EXERCISE DETAILS: Only one stretch of the material below is wanted: everything from the line containing "This document discusses" down to the line containing "Rubberen tegels sluiten", both ends included. Repeat it exactly and skip the pictures.

EXTRACTED DATA:
* * *

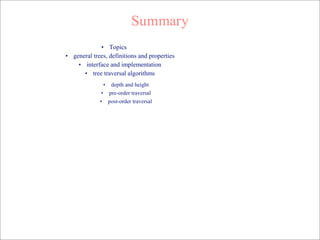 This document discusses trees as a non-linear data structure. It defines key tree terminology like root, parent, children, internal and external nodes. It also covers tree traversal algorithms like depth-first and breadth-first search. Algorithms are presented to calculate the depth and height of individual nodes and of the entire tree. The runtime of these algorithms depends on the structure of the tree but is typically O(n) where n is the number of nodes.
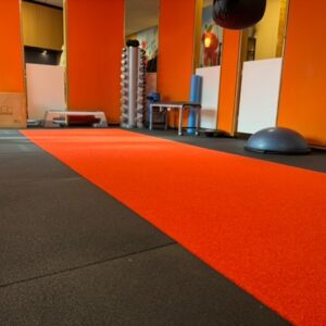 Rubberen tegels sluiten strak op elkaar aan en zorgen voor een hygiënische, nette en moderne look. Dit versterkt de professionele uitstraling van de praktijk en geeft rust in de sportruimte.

* * *

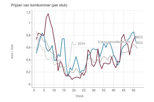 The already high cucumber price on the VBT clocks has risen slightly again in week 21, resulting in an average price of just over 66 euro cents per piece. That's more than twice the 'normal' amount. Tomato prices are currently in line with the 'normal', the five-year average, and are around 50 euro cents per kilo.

* * *

REPLY TO THE TASK:
 This document discusses trees as a non-linear data structure. It defines key tree terminology like root, parent, children, internal and external nodes. It also covers tree traversal algorithms like depth-first and breadth-first search. Algorithms are presented to calculate the depth and height of individual nodes and of the entire tree. The runtime of these algorithms depends on the structure of the tree but is typically O(n) where n is the number of nodes.
 Rubberen tegels sluiten strak op elkaar aan en zorgen voor een hygiënische, nette en moderne look. Dit versterkt de professionele uitstraling van de praktijk en geeft rust in de sportruimte.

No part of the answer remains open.